Some context on the ShadowBroker’s Dump

Photo by Tristan Schmurr, Cyberscoop Apr 21

A good friend of mine, with the handle @loneferret, shed some clarity on the massive dump of exploits two weeks back by the ShadowBrokers. I haven’t said my piece here but believe me I shared my thoughts online as things developed. And Double Pulsar, a backdoor implant, is just that gift that keeps on giving as countless systems appear to be infected. John Matherly of Shodan cited finding at least 45k as of April 21. Dan Gentler aka @viss describes it perfectly as “a loading dock for extra malware”. There is much to be said, but I quite liked the way my friend spun things, so without further ado …

Yet another MS17-010 blog post.
However, the more noise that is generated, the more people will update their systems.

About a week ago now, a bunch of exploits were leaked by a group calling themselves “Shadow Brokers”, or “ShadowBrokers”; both spellings are used it seems ¯\_(ツ)_/¯.
These exploits are serious stuff, as they affect almost every version of Windows, both professional and home (what you have at home most likely), as well as, server editions. There are Linux exploits as well but that’s for another post …

Barely a week has passed, and reports of ransomware being delivered using “Eternalblue” are popping up. Reports of systems being compromised by what we can only assume are “script-kiddies” have also surfaced.

Why keep reading? My goal here isn’t to give a technical lesson nor a course in exploitation, but to spread awareness. When these types of vulnerabilities & exploits are made public, havoc isn’t too far behind.

As a pen-tester the news of exploits originating from an NSA dump was exciting. It gives some insight on what sort of tools\exploits the notorious agency has, and ensures some level of job security for me (I know selfish). But what does this mean for the corporate user? What does this mean for the average user? In a nutshell if you haven’t installed the most recent security updates, you risk having your data stolen, deleted, or your hard drive encrypted and held for ransom.

Tweeted by @belowzeroday, Cyberscoop, Apr 21

I shall try and put this in perspective, in the most entertaining manner I can. So, sit back, grab your morning Irish coffee and step inside my time machine.

Back in 2003 a computer worm made its way through the Internet. This worm infected thousands of systems, both commercial and personal. It ravaged and pillaged everything it could lay its crummy little paws on. It was finally detected in 2008, and given the name “Conficker”. I remember 2008 well. At the time, I was a system administrator for an IT consulting firm & was called upon many times to stomp this little critter. This worm was good, well coded, and went undetected for 5 years! It merged so well with Windows, it really didn’t affect the system’s performance. It was also very good at reproducing itself… kinda like George Forman.

Why was it so successful? How did it manage to get into so many systems? It was a flaw in Windows, much like the flaw leveraged by the exploits in the “ShadowBrokers” dump. Essentially… it’s 2008 all over again.
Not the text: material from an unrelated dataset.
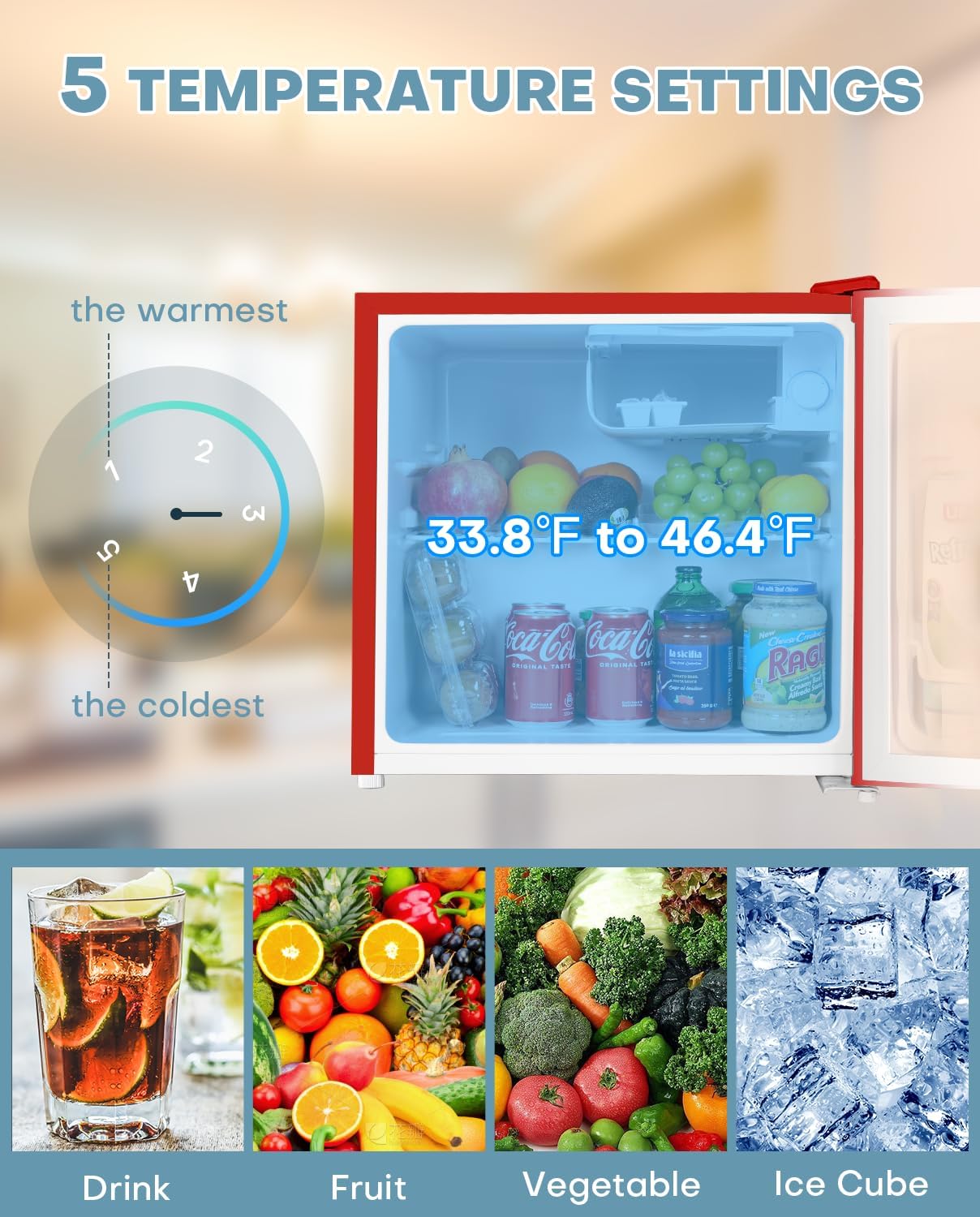 - Adjustable Temperatures: Ranges from 33.8Β° F to 46.4Β° F (Not for storing ice cream), the fridge offers 5 variable temperature settings per your need. Includes a compact freezer that allow you to make ice cubes, keep your food fresh and drinks chilled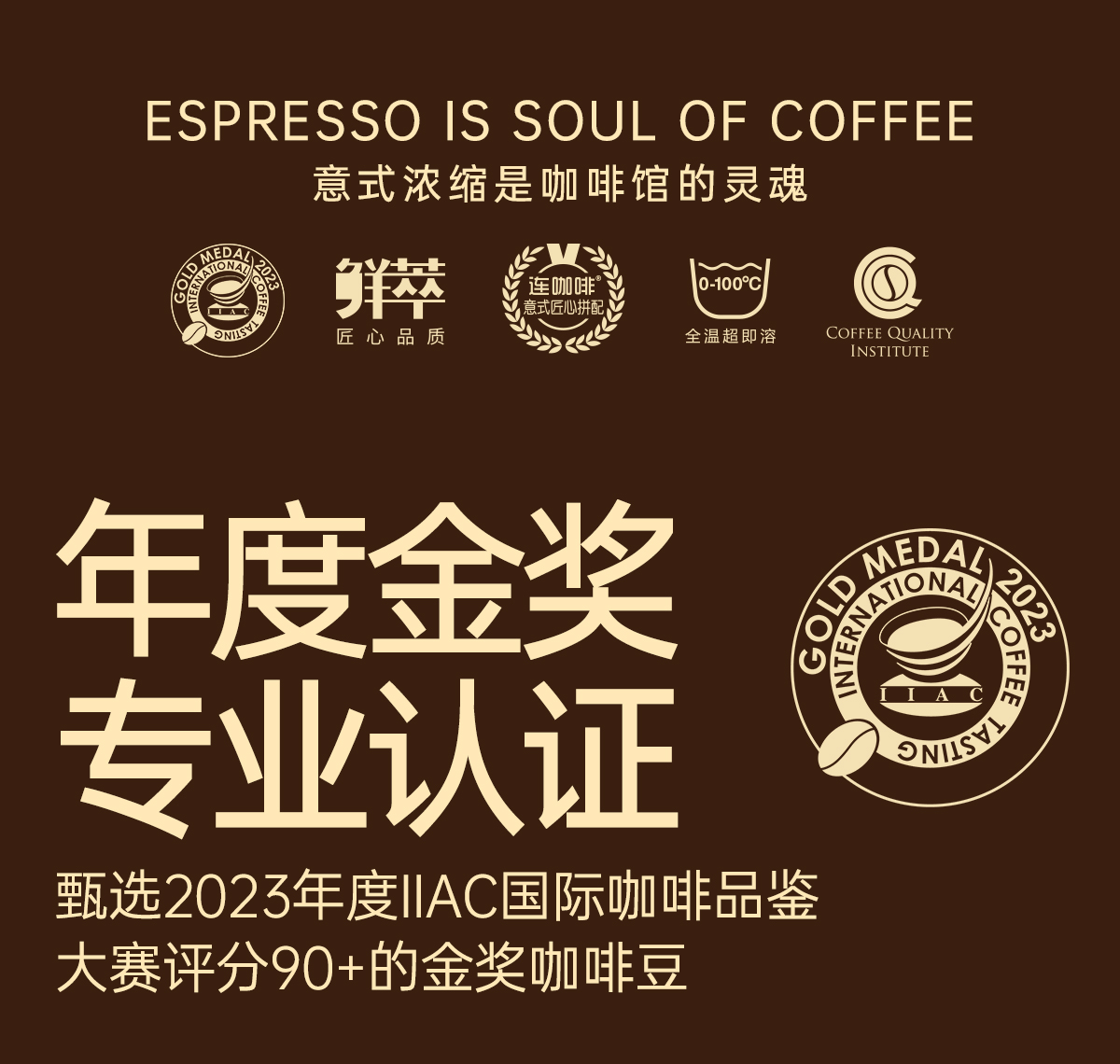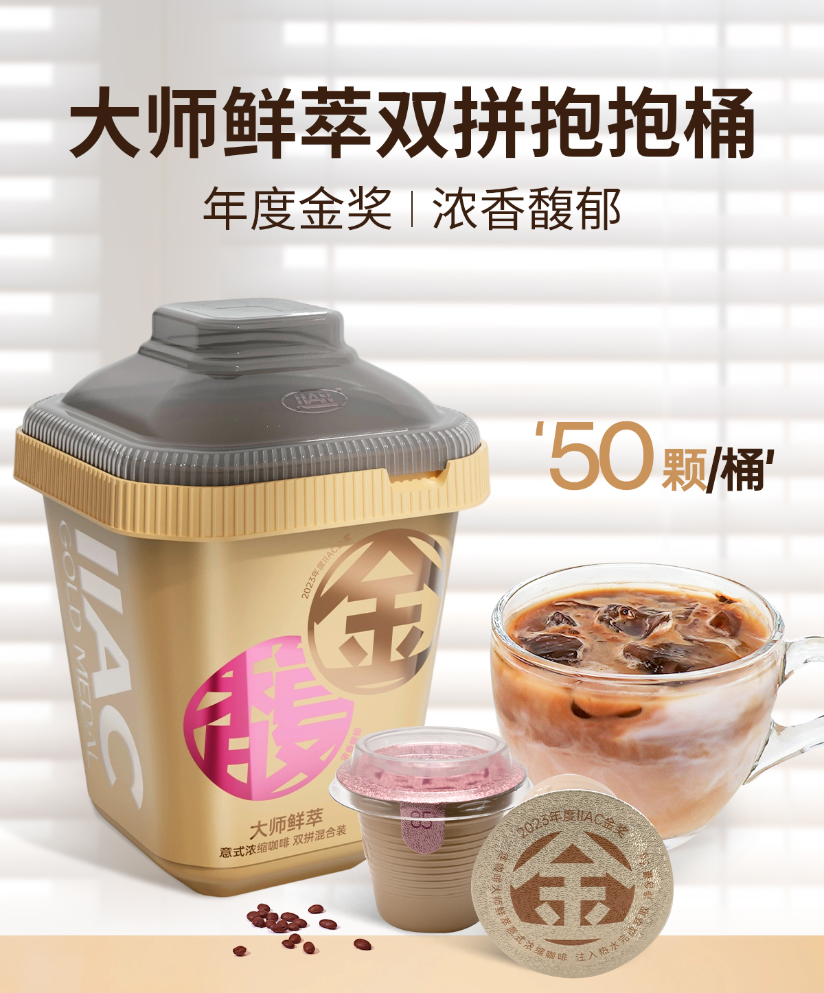 严选 | 连咖啡 大师鲜萃意式浓缩黑咖啡IIAC金奖 金馥顺桶 3g*50颗

Which begs the question, how long did the NSA have this exploit? Also, were they the only ones? If it took 5 years to catch “Conficker”, one can assume this flaw (and exploit) has been around for at least the same amount time (give or take a year).

So, I beg you, please don’t fear the Windows update window.
Let it run… Embrace it, enjoy it, whisper sweet nothings into its ear.
Because if you don’t, you only have yourself to blame if your browser history ends up on pastebin.

A message from you friendly neighbourhood hacker @loneferret

Ps. This flaw, and others, were fixed back in March of 2017. This piece was written in April 2017.